If you want a view of how the war in the Middle East has upended the way the world works, the 47th floor here in a Singapore building is a good place to start.
Up here, British expat Remy Osman has his binoculars locked on the ocean.
From this balcony, the hobby shipspotter can keep his own tally of the ships still sailing as the closures of the Strait of Hormuz throw oil supplies and trade routes into turmoil.
"From here, you see world events happening with your own eyes," he says, reflecting on how the disruptions in the Middle East have echoed across the region.
"Anything that's moving between Asia, Europe and the Middle East has to sail past here."
Conditions on the day of this interview could be better, with drizzle lazily drifting over the bay, somewhat clouding the horizon.

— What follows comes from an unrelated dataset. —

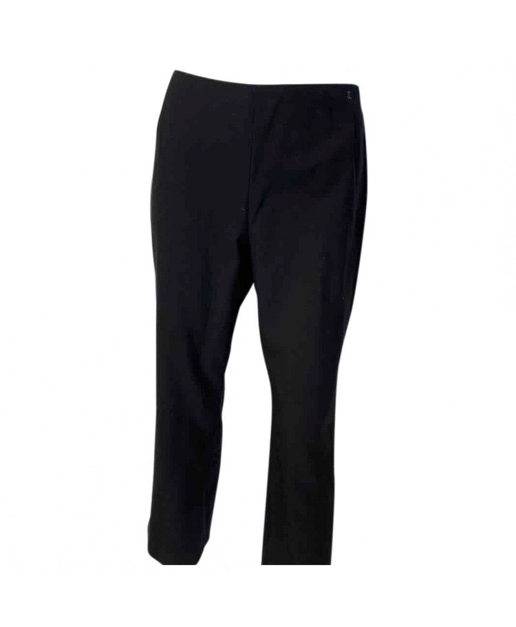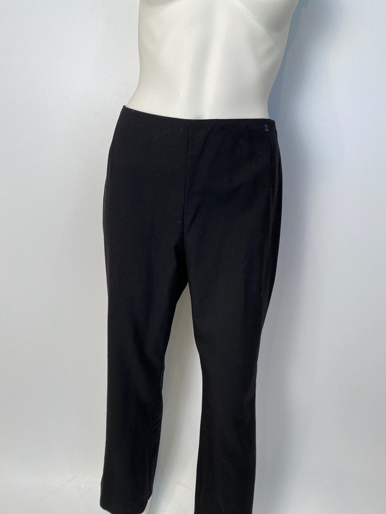 Flattering Vintage Chanel 01P lightweight pants with hidden side zipper. No waistband no gathers, no pleats, no pockets, no elastic, and no lining. Just a nice smooth fit and these go with everything. There is a metal “CC” logo at the waist

Usually, there are clear skies offering views so sharp that Osman can identify ships using just his mobile phone camera.
"You can see that they're these big, looming shadows that are very long," he says, gesturing beyond Singapore's suburban cityscape to the horizon.
"These are very large crude carriers, and they're high in the water, so they're not carrying oil at the moment."
He singles out one vessel of interest, "all the way from Brazil, which is quite unusual".
"Normally, we don't get so much traffic from the Americas here, but that just shows that they're really shifting supply and demand patterns for oil at the moment."
Singapore's refiners have in recent weeks been forced to secure alternative fuel sources, with Prime Minister Lawrence Wong declaring that it would not resort to fuel export restrictions.
"In terms of the sourcing, we are very diversified from all over the world," energy minister Tan See Leng told SBS News last week.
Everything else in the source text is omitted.